7. An image inpainting device integrating local adaptive and global dynamic receptive field, characterized in that, include: The stitching module is used to stitch the image to be repaired with the binary mask of the image to be repaired to obtain stitched data; The downsampling module is used to perform multi-scale downsampling on the spliced data based on the encoder to obtain the multi-scale encoded tensor of the spliced data; During the downsampling process of the encoder, local feature extraction and global semantic modeling are performed on the intermediate coding tensor in the multi-scale coding tensor based on the hybrid receptive field module. The hybrid receptive field module includes a cascaded adaptive large kernel convolutional unit and a multi-head attention mechanism unit. The adaptive large kernel convolutional unit is used to extract local adaptive neighborhood features of the intermediate coding tensor based on static convolution and dynamic deformable convolution to adapt to the missing regions indicated by the binary mask. The multi-head attention mechanism unit is used to perform long-distance dependency modeling on the local adaptive neighborhood features processed by the adaptive large kernel convolutional unit based on a self-attention mechanism to generate global context features. The repair module is used to upsample and reconstruct the multi-scale coded tensor based on the decoder to obtain the reconstructed image of the image to be repaired.
8. An electronic device comprising a memory, a processor, and a computer program stored in the memory and running on the processor, characterized in that, When the processor executes the computer program, it implements the image inpainting method that integrates local adaptive and global dynamic receptive fields as described in any one of claims 1 to 6.

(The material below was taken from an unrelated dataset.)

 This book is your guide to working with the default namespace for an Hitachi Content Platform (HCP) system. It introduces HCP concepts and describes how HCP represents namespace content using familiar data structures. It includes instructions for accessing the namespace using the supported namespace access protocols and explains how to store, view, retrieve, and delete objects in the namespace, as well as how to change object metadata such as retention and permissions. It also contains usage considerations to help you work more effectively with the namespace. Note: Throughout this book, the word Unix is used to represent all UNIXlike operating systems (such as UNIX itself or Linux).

9. A non-transitory computer-readable storage medium having a computer program stored thereon, characterized in that, When the computer program is executed by the processor, it implements the image inpainting method that integrates local adaptation and global dynamic receptive field as described in any one of claims 1 to 6.
10. A computer program product, comprising a computer program, characterized in that, When the computer program is executed by the processor, it implements the image inpainting method that integrates local adaptation and global dynamic receptive field as described in any one of claims 1 to 6.